Gamebyro Feature Analysis

Link: http://www.cppblog.com/rise-worlds/archive/2009/04/22/80691.aspx


Introduction
:

Gamebyro is a mature commercial engine that has been used by many successful commercial projects. It not only includes well-known cross-platform standalone games such as civilization 4, elder brother scroll 4, and radiation 3, but also
EA's large 3dmmorpg warehouse hammer online. Gamebyro is completely designed based on the face object and has a clear structure for ease of use and expansion. Flexible programmable rendering architecture makes it easier to support
The latest graphics technology. On the other hand, due to its emphasis on versatility, gamebyro does not provide much support for upper-layer applications. Most of its tools and plug-ins only have some general functions, so it is more like a game.
Development Kit instead of a complete framework.

Engine Features Overview:

· Cross-platform (PC, xbox360, PS3)

· The scenario chart is in a hierarchical structure.

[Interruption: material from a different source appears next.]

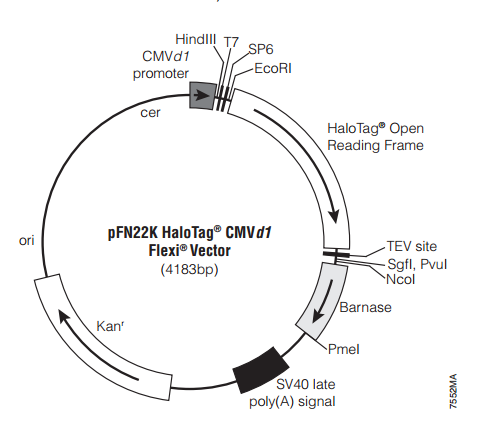 These vectors are designed for expression of N-terminal-tagged HaloTag® fusion proteins in mammalian cells. Once expressed, the HaloTag® fusion protein may be used for cell imaging of protein localization or trafficking in conjunction with thefluorescent HaloTag® Ligands. In addition, the HaloTag® fusion protein can be purified or pulled down as a complex with its protein partners.
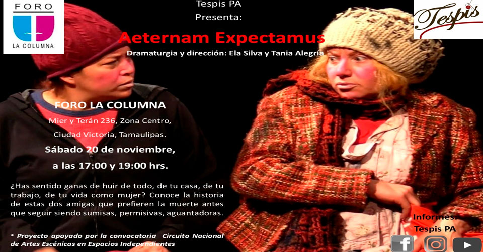 De esta manera, el sábado 20 de noviembre, a las 17:00 y 19:00 h, el grupo Tespis PA nos trae la historia “Aeternam expectamus”, farsa tragicómica para adolescentes y adultos, creada y representada por Ela Silva y Tania Alegría, quienes dan vida a un par de mujeres que prefieren la muerte antes que seguir siendo sumisas, permisivas, aguantadoras, y que mientras permanecen en eterna espera, hacen señalamientos a la educación convencional, al núcleo familiar, las creencias religiosas, el abuso del poder y la falta de empatía de la sociedad que las hunde y también las señala.

· Integration with major modeling tools (supported by plug-ins)

· Efficient visibility Cutting

· Supports advanced 3D hardware acceleration on all platforms

· Advanced textures and coloring Effects

· Dynamic Collision Detection

· Classification of details (dashboard)

· Flexible rendering, sorting, and cropping Algorithms

Object System
:

Gamebyro's object system is used throughout the engine. It mainly implements functions such as object management, reference counting, and object lifetime. You can use the object system by inheriting several base classes.

Its main features include:

1. smart pointer (reference count)

2. runtime class recognition (rtti)

3. Scenario object Replication

4. serialization (Object docalization)

5. object naming

6. Management of object Extension Data

7. Timer (mainly used for animation)

8. Multithreading

Driver Layer
:

Gamebyro encapsulates graphic interfaces and extracts graphic APIs from the rendering system of the engine. on PC systems, gamebyro supports both DX9 and dx10 interfaces.

DX9
Renderer features
:

L gamebyro does not allow multiple dx9renderer objects to exist simultaneously and cannot coexist with dx10renderer. However, in the same frame, the dx9renderer of gamebyro can render multiple windows at the same time.

L gamebyro's DX9 Renderer supports multi-threaded resource access and resource pre-loading. However, multithreading is still strictly restricted.

L dx9renderer's fixed pipeline skin Operation supports at least four bones (matrices), and shader-based skin Operation supports 30 bones.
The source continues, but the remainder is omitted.